Originally Posted by
Trakhak
I've been following pro bike racing for 60 years and remember a quote from Jacques Anquetil, who said, in response to a question, "You can't ride the Tour de France on mineral water. You'd have to be an imbecile or hypocrite to imagine that a professional cyclist who rides 235 days a year can hold himself together without stimulants."
He also said that he believed that, having trained and raced as hard as he did, he wouldn't live into old age. He died at age 53.
But, as 63rickert very intelligently noted in a recent thread (maybe this one), most current pros race about a third as much as the pros did in past decades.
We all know how the state of the art has changed in tech, training, nutrition, etc. But my guess is that cutting back on race days and increasing the time spent resting and recuperating have made, if anything, more of a difference than any or maybe all of the other changes.
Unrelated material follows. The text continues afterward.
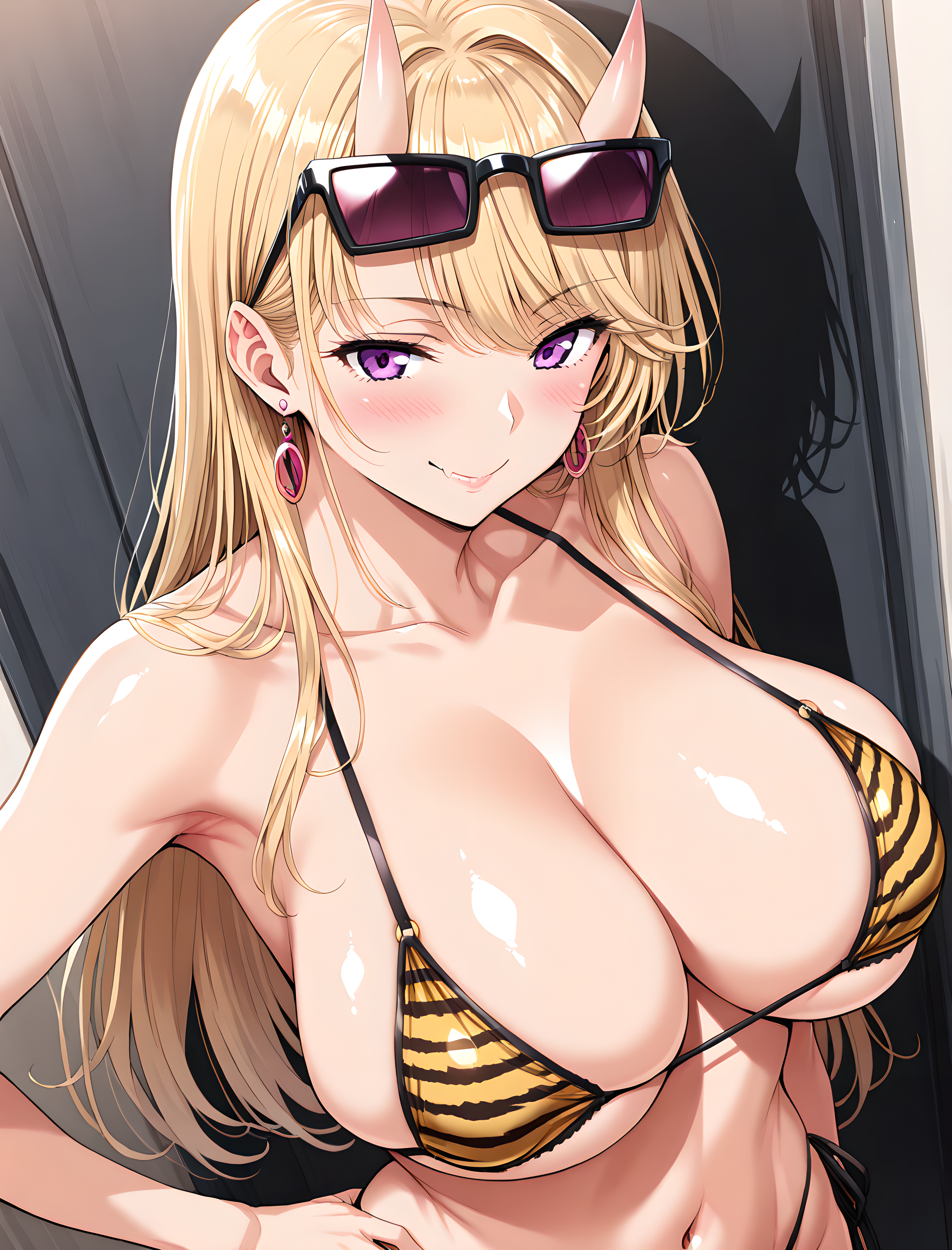활성화 태그는 "francis(taimanin), "로 시작하며, 외모는 "노란 머리카락, 검은 허벅지 긴 양말, 검은 부츠, 비키니, 손가락 없는 장갑, 벨트, 오니 뿔," 그리고 추가로 "선글라스"를 포함합니다.

To me, what beggars belief is the suggestion that doping is responsible for the average speed of entire pelotons increasing as much as it has, despite the fact that almost no one has tested positive.
Point to consider:
The doping generation also raced less. Some of them only peaked for on race, like the tour.
Post doping, we had 10 years of doldrums- no records broken, meh racing.
Past 5 years we’ve all the sudden seen every record smashed. And not just by the top guys. The 2nd and third group are often beating climb records.
Bike advancements - sure.
But - pure power numbers and W/kg are at levels never seen.
-It’s not all about sugar. Because we see these levels in short TT’s.
-It happened seemingly overnight. They couldn’t, then they could.
—and here is the biggie
They come into the racing season at levels higher than the dopers peaked at- and maintain those numbers thru the entire season.
Pogi breaks records that were set in races/at peak form time, while he is in training camp.
The ability to be faster/stronger out of the gate and all year long is nuts.
And if they are flat for the most part all year, what could they actually do if they trained solely for a peak/one race?